Senior secured term loans B due 2029
On March 28, 2024, the Company and certain of its subsidiaries entered into Amendment No. 3 (the “Third Amendment”), with the lenders party thereto and Morgan Stanley Senior Funding, Inc., as administrative agent, which amended the Credit and Guaranty Agreement, dated as of November 6, 2018 (as amended and restated as of July 6, 2022 and as subsequently amended on each of March 10, 2023 and September 11, 2023, the “Existing Credit Agreement” and, the Existing Credit Agreement as amended by the Third Amendment, the “Amended Credit Agreement”), by and among the Company, as borrower, certain subsidiaries of the Company party thereto, as guarantors, the lenders party thereto and Morgan Stanley Senior Funding, Inc., as administrative agent and collateral agent.

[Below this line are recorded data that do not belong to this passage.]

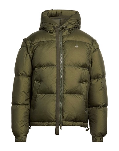 down jacket, shell, quilted, plain colour, brand logo, hooded, long sleeves, detachable sleeves, snap-fastening cuffs, duck down filling, zip fastening, multipockets, drawstring hem, contains non-textile parts of animal origin, machine wash, do not bleach, do not tumble dry, do not iron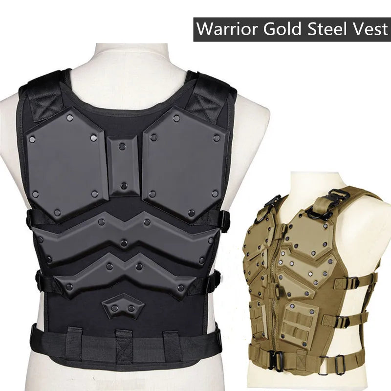 Tactical Gold Steel Vest Military Combat Vest Men's Tactical Hunting Vest Army Adjustable Armor Outdoor CS Training Vest Airsoft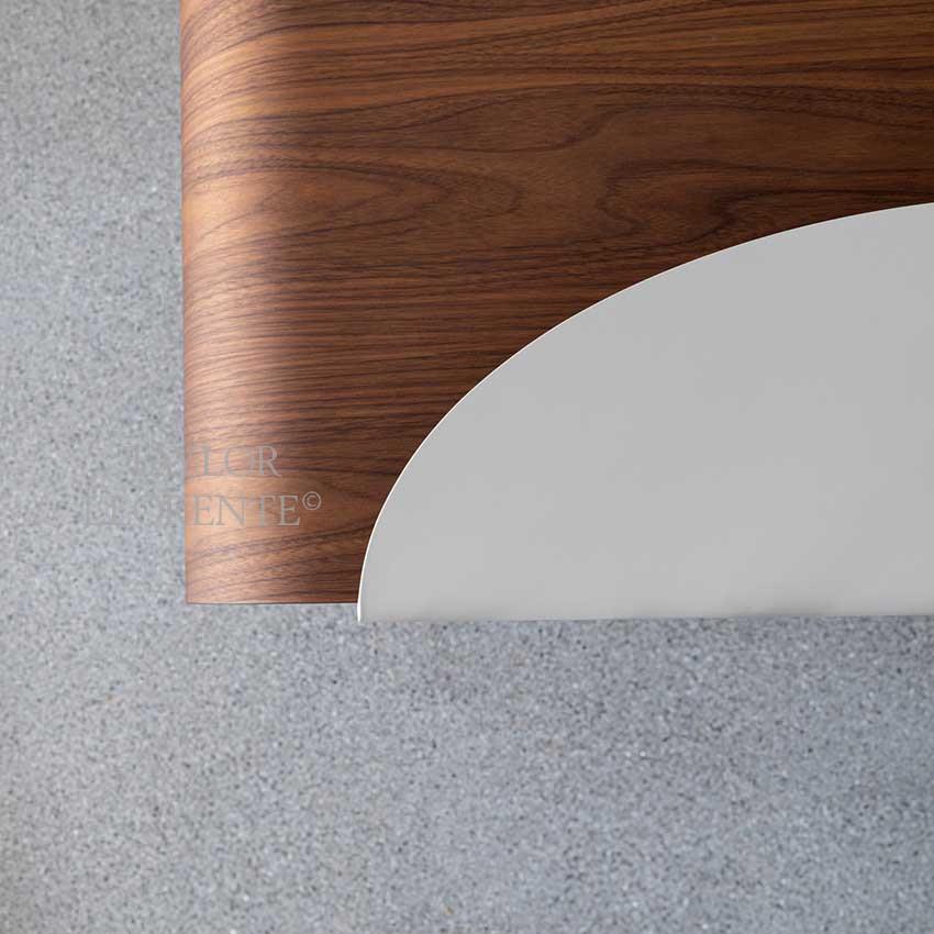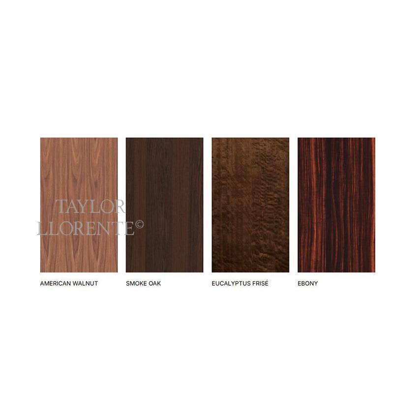 The top worked in layers of wood species in a matt gloss finish. High gloss available with an upcharge). Finishes for desk top are American walnut, smoke oak, eucalyptus Frise and or macassar ebony.

The Third Amendment provides for, among other things, the reduction of the applicable rate of the Company’s outstanding senior secured term loans B under the Existing Credit Agreement. After giving effect to the Third Amendment, such outstanding term loans B bear interest, at a rate per annum equal to, at the Company’s option, either (i) Term SOFR plus an applicable margin of 1.75% or (ii) a base rate plus an applicable margin of 0.75%. Other than as described herein (and more fully described in the Third Amendment), the terms of the Amended Credit Agreement are substantially similar to the terms of the Existing Credit Agreement. In connection with the Third Amendment, the Company made a prepayment of $354.5 million on the term loans B.
During the twelve months ended December 31, 2024, the Company has repaid $623.8 million of the outstanding borrowings under the term loans B. In connection with these repayments and entry into the Third Amendment, the Company incurred a pre-tax loss on extinguishment and modification of debt of $14.3 million for the twelve months ended December 31, 2024, which is included in Other expense, net on the consolidated statements of operations.